What Would You Grab If You Had to Evacuate Your House?
June 26th, 2011How often have heard that question? The most common answers are: they would grab photos of the family and important papers if forced to run from a burning house and medications. When I had asked myself that question in the past I was sure I wouldn’t grab family pictures even though I love my family. On June 23, 2011 that very situation arose. We were told to evacuate NOW! as ashes fell from the sky on our burning mountain road. This is what I grabbed:
- dogs & dog food
- Cooler with water and soft drinks
- purse with credit cards,
- my ipod with my music
- digital camera
- Flip video camera
- macbook pro (which actually does hold a lot of family photos)
- Cellphone
- change of underwear, shorts and blouse
- pajamas
- tooth brush, tooth paste
- my inhaler and vitamins
- a second pair of flip flops
And I put the dinner dishes in the dishwasher and ran it and the disposal, as if we were going on a weekend get away.
The rest, well I left it all behind: a life time of art, photo albums, antiques, family mementos… left behind. After being away for a day and watching from the distance the with flames shooting up all around the mountain road that we lived on I had a moment to reflect on whether or not had chosen the “right stuff”. Well here’s the rub… had I selected the photo of my dad as a bus driver, the Weller vase with sycamore leaves, Michael’s painting of the rocks, the oldest stapler I own, my children’s baby teeth, my baptismal record or that pair of fused glass earrings it would have put me in funk about having to leave the others behind. Had we lost it all (the fire chief said it was touch and go) and I had taken one of those major, meaningful pieces of my life and history I would forever have the other pieces, my mother’s picture at sixteen, the Caddo artist, Silver Moon’s, bison painting, the Neva Clog deco stapler or my first grade report card, my portfolio of character art, popping in and out of my dreams allowing the sadness to creep in every time I looked at the saved piece. So what I took was living things, tech things and mundane useful things. I didn’t even take nice clothing.
Whether our house would burnt to the ground went from not believable to almost certain in a days time as the flames engulfed the mountain. At night I lay awake picturing every nook and cranny of our house and all the treasures and how they were the last time I saw them. So many treasures.

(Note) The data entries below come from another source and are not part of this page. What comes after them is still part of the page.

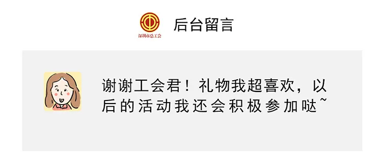 2.在留言區(qū)寫下你與“深圳工會(huì)”的回憶或是對(duì)“深圳工會(huì)”公眾號(hào)內(nèi)容的建議。
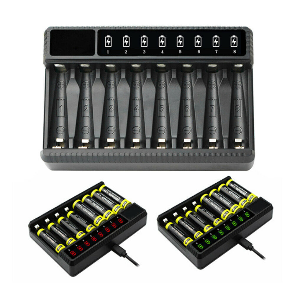 8-slot LED Display Smart Battery Charger Suitable for Aa/aaa Ni-MH Rechargeable Batteries
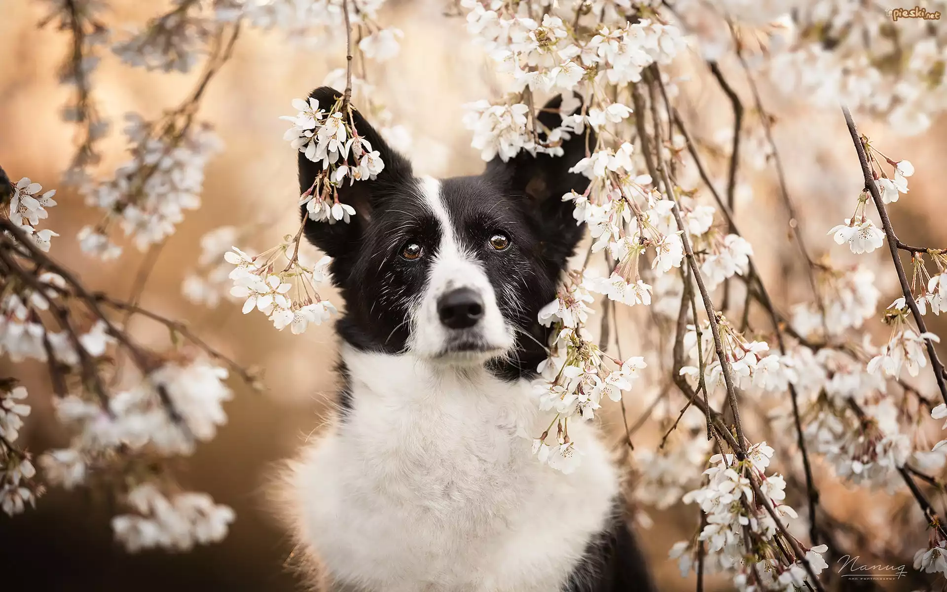 Pies Pies, Border collie, Gałązki, Drzewo owocowe
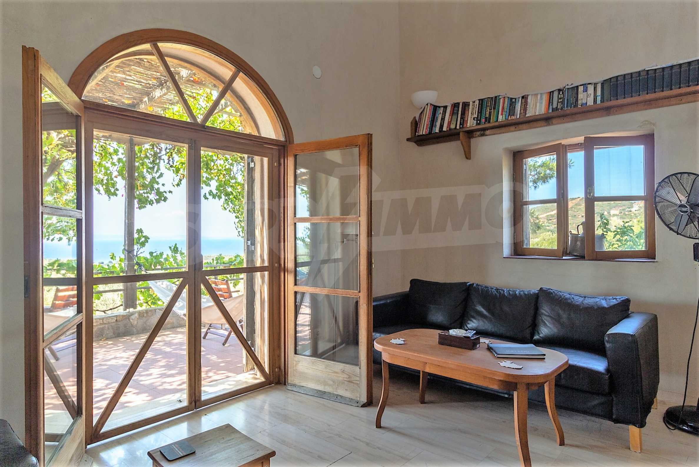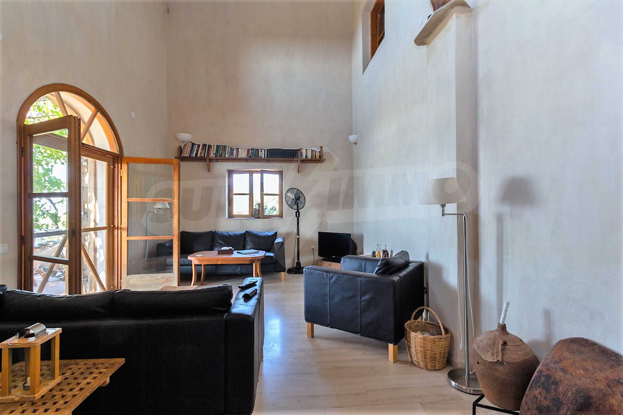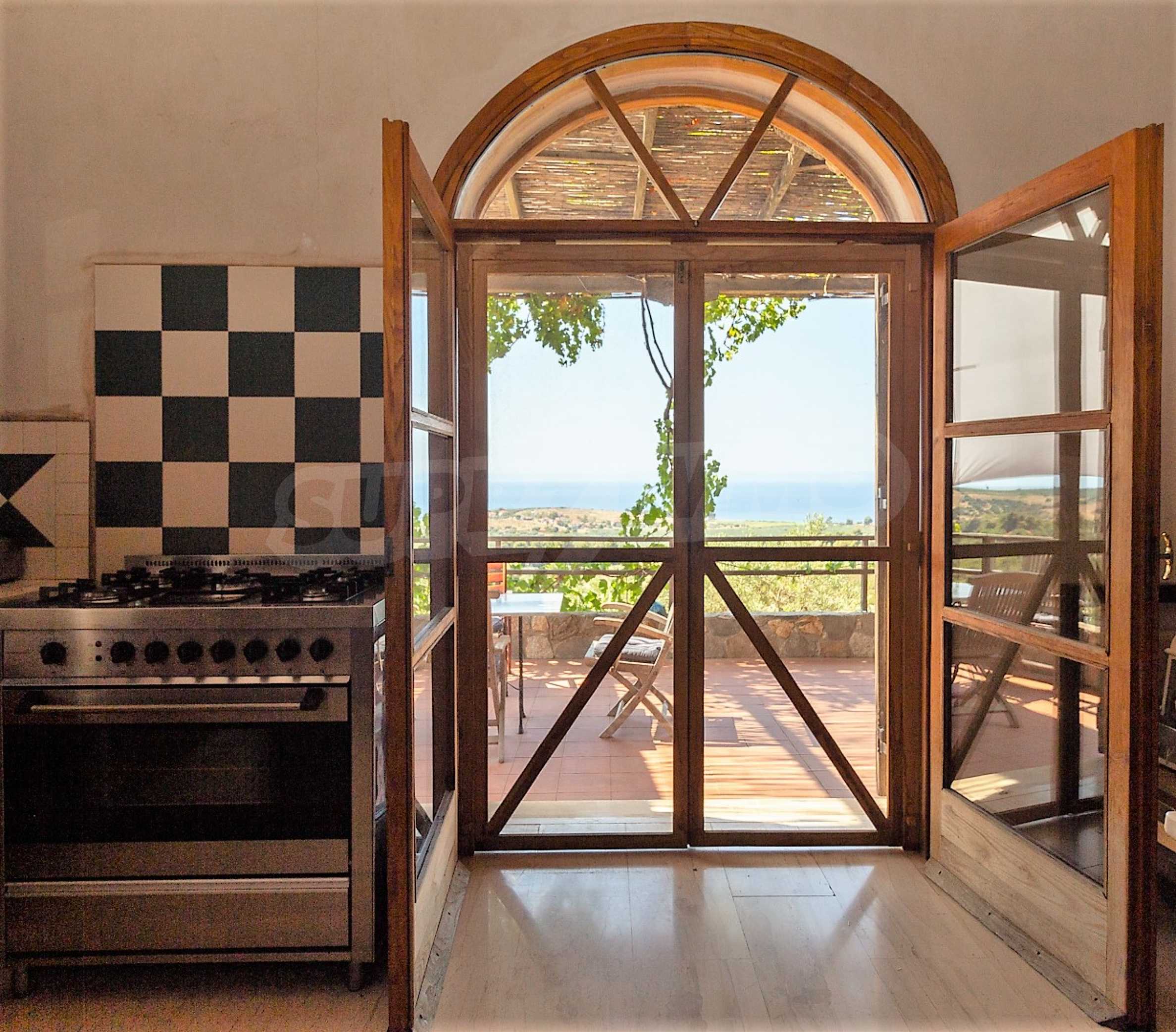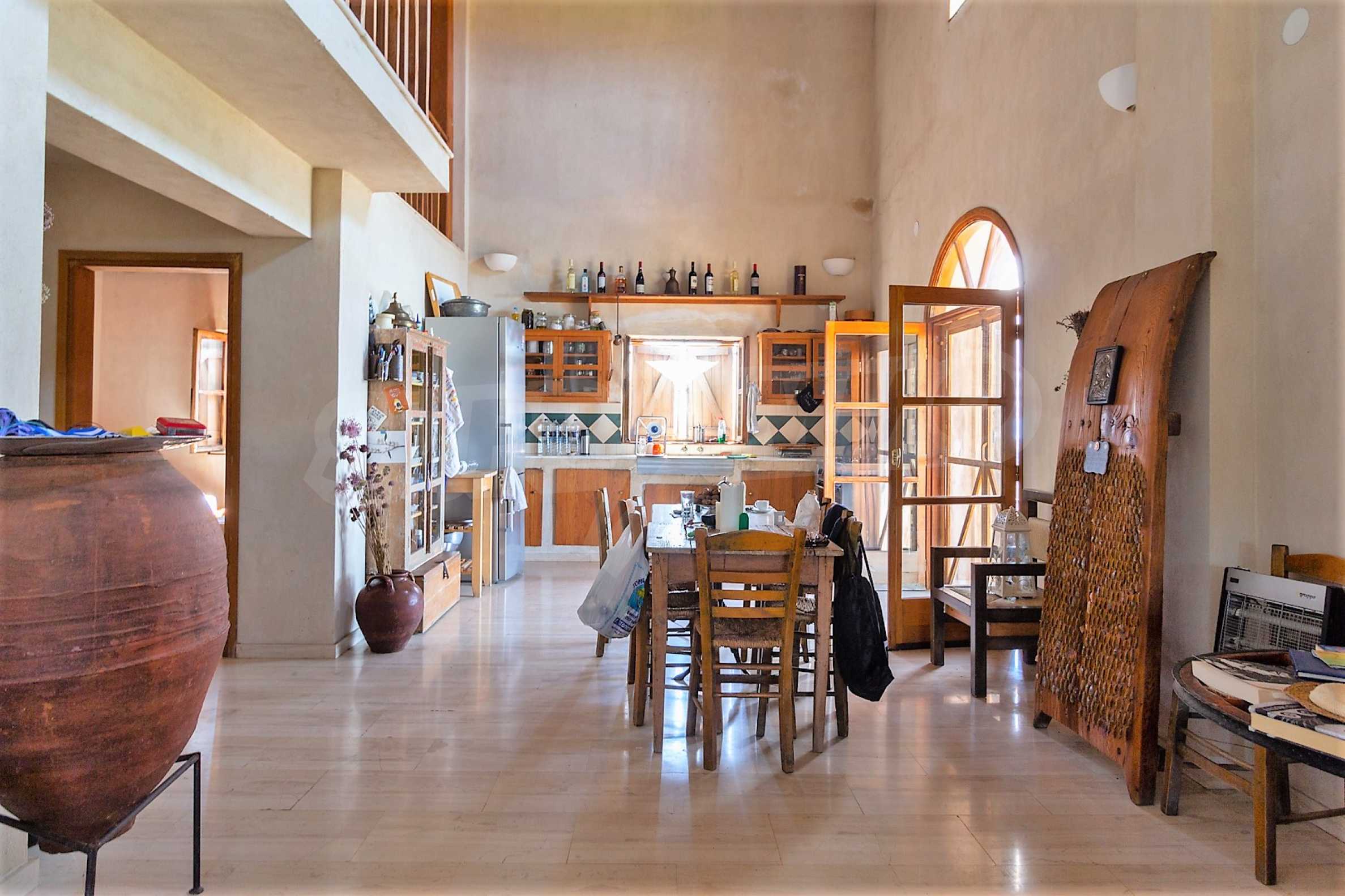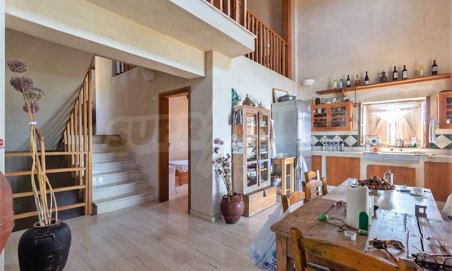 Представяме Ви тази неповторима резиденция в тоскански стил Ситония, Халкидики. Вилата е построена изцяло с естествени материали, камък от Партенонас, кестеново дърво от Света гора-Атон, стените умишлено са измазани с хоросан за да се подсили ефекта за тосканска автентичност, освен това, тези естествени и висококачествени материали действат като естествена излоация, която подържа постоянна температъра във вилата зима и лято. Имота включва и 14 декара земя, 4 от които са маслинова гора.
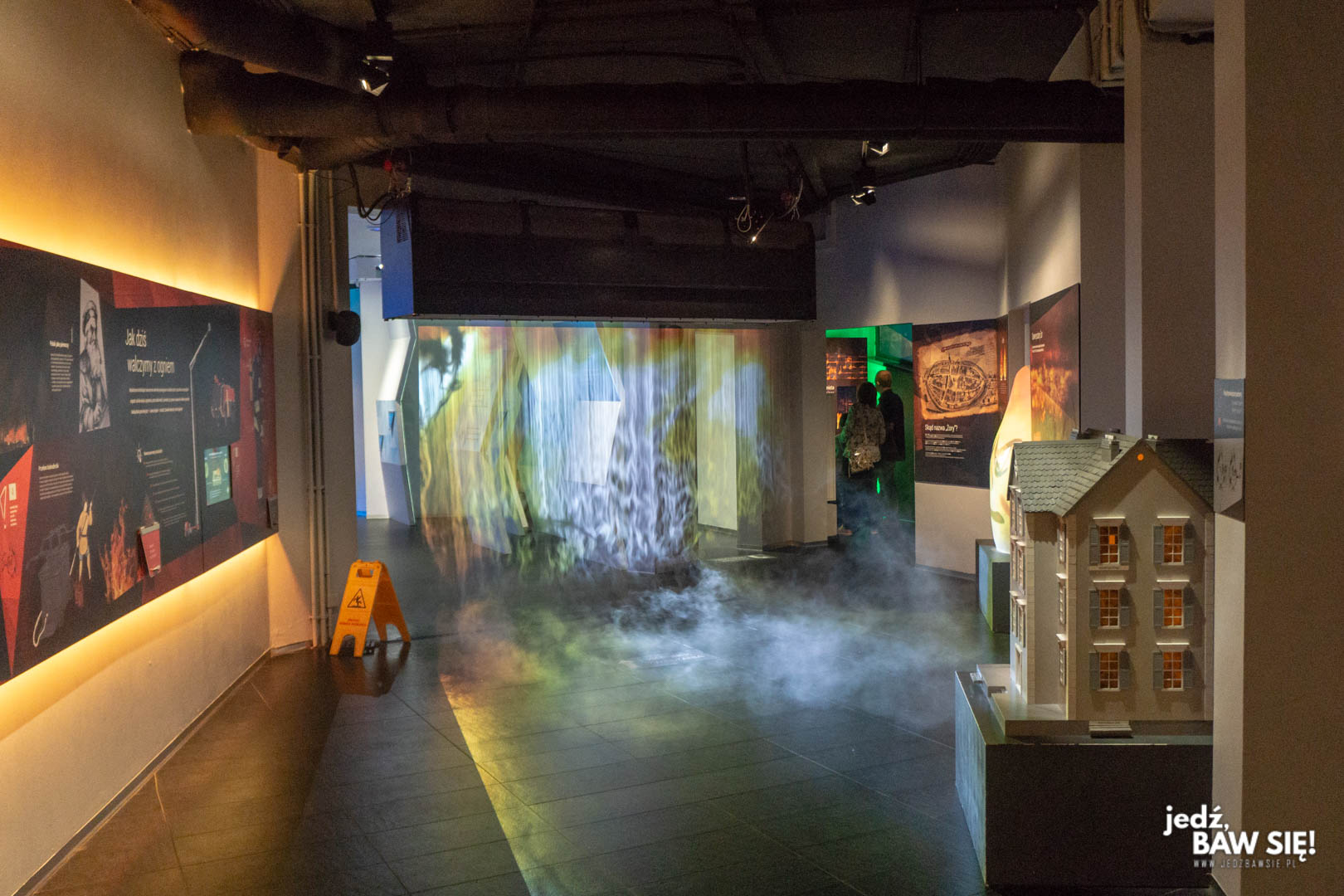- Pali się to… err… podobno największa atrakcja placówki. Dobrze, że wiedziałem o tym wcześniej, bo inaczej prawdopodobnie zwróciłbym na nią tylko szczątkową uwagę. Wspomniana ściana ognia jest bowiem generatorem dymu z rzuconą na ów dym projekcją pełgających płomieni. Wygląda to fajnie, ale powalającą instalacją bym tego nie nazwał. Zaraz za nią znajduje się natomiast…
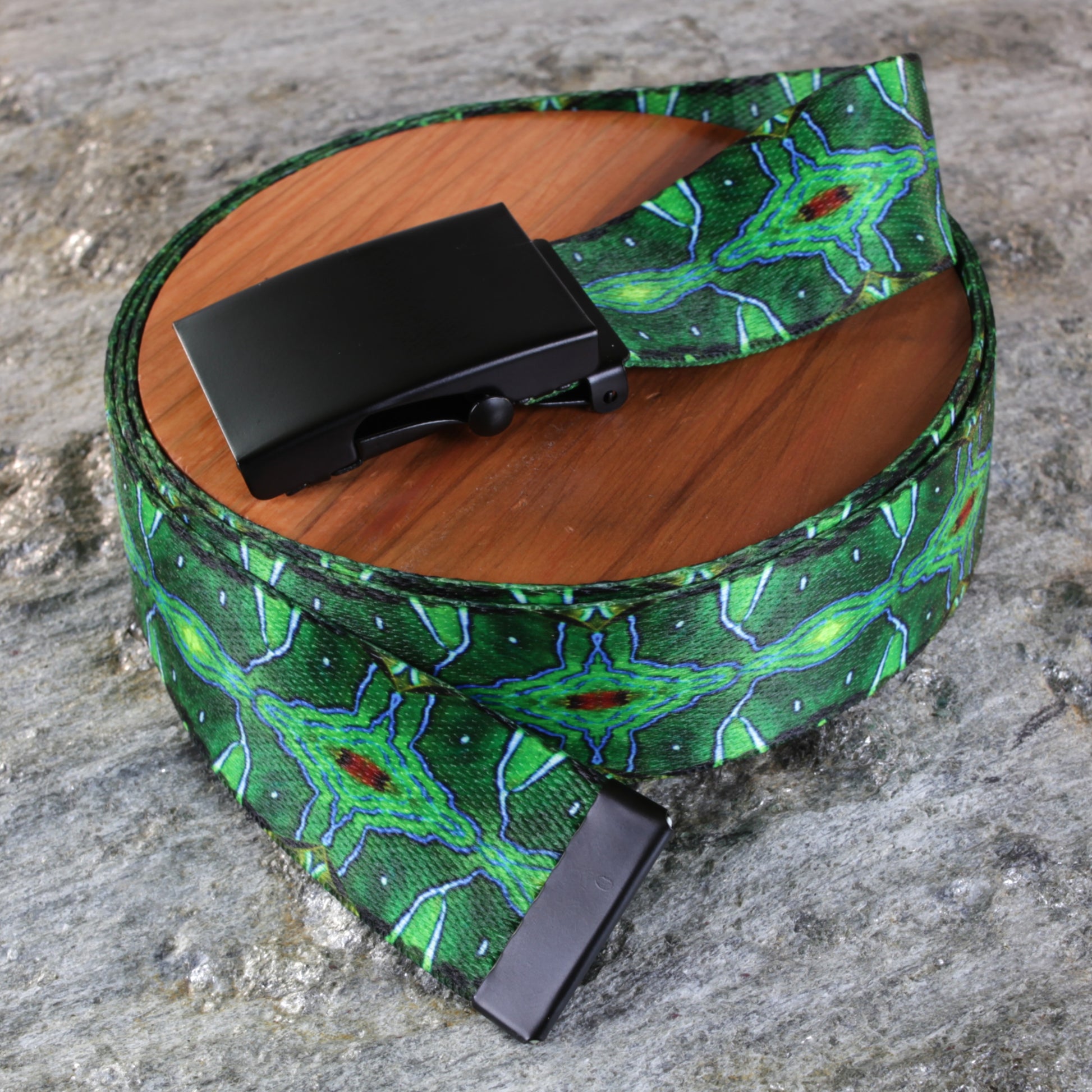 Inspired by the mysteries of the ocean and the intricate art of tribal patterns, this belt is a true masterpiece. The vibrant greens and intricate design make it perfect for anyone who loves to stand out with a splash of color and culture.
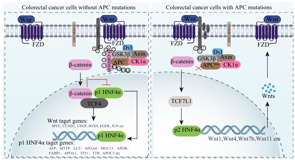研究显示,来源于 P2 启动子的 HNF4α(P2-HNF4α)在 CRC 中显著上调,具有强烈促肿瘤特性,可驱动细胞增殖并促进肿瘤生长。路径分析进一步明确,Wnt/β-catenin 信号通过转录因子 TCF7L1 直接激活 P2-HNF4α 的表达,而 P2-HNF4α 反过来又增强多个 Wnt 配体(如 WNT1、WNT4、WNT11)的转录活性,从而持续放大 Wnt 信号强度,使肿瘤细胞在 APC 突变背景下获得更强的增殖和存活优势。
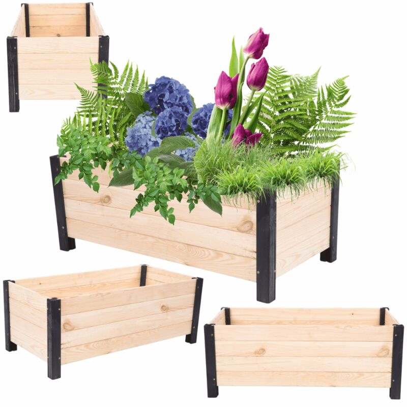 MODO24 Jardinière sur pieds bois pin, bac à fleurs jardin/balcon/terrasse, pour fleurs & herbes, 31x80x40 cm, naturel-noir imprégné
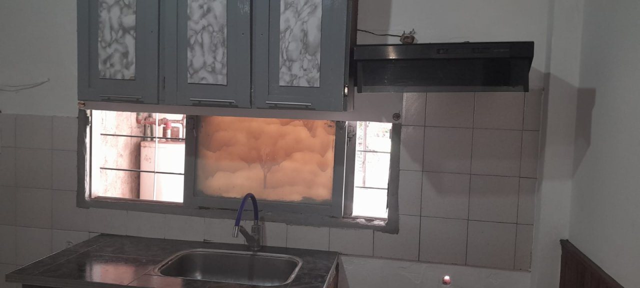 cocina bajo mesada , extractor y alacena .
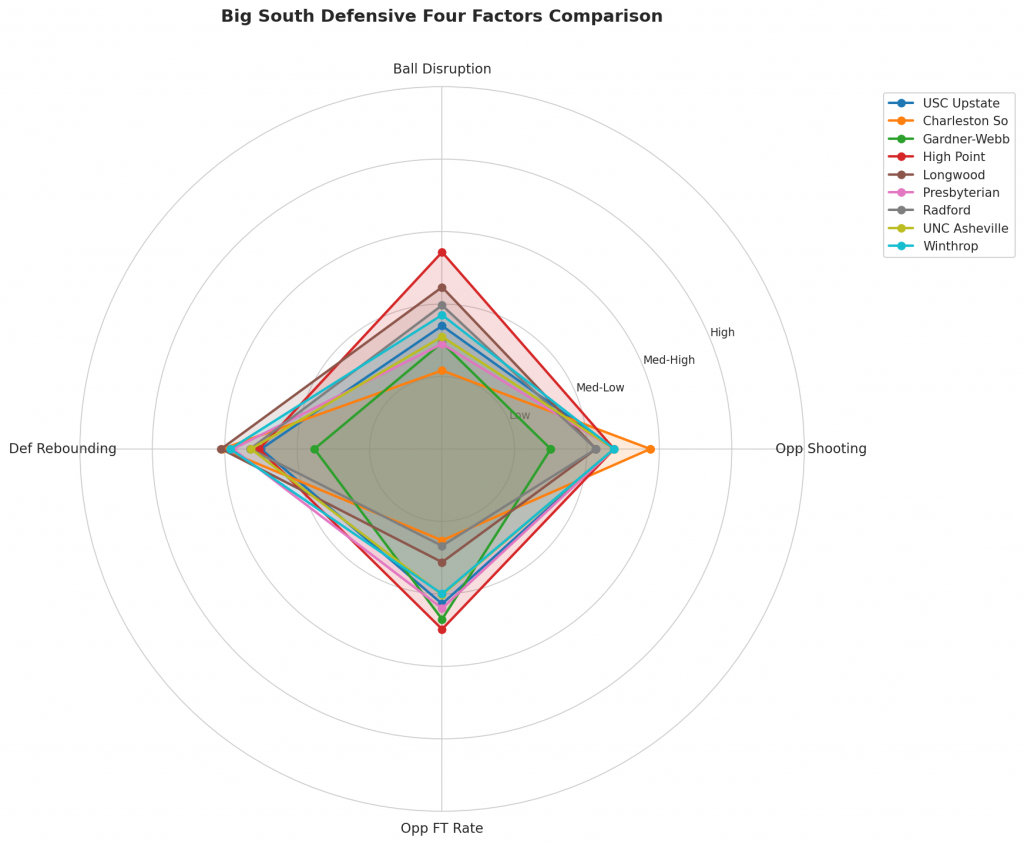 Figure 3: Defensive Four Factors comparison across Big South teams. The radar chart shows each team’s opponent shooting defense (Opp eFG%), ball disruption (forcing TOV%), defensive rebounding (DREB%), and opponent free throw prevention (Opp FT Rate).
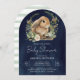 Bunny Sage Green Floral Navy Blue Arch Baby Shower Invitation

And I thought what if it all goes. Would I really want to return to the Park? I needed my neighbors just where they were. How could I stand it losing it all and yet be in the same place. That is how my brain works. I came up with several scenarios of starting over, rebuilding on Big Rock Rd, in Medicine Park but only if my favorite neighbors were still there, moving to El Reno near where my daughter was relocating, moving back to Norman, OK where we have other special friends.
None of that is necessary now. We are singed and charred but still standing and solid. Thanks to our guardian angels.. the volunteer fire departments of SW Oklahoma. So it’s clean up time.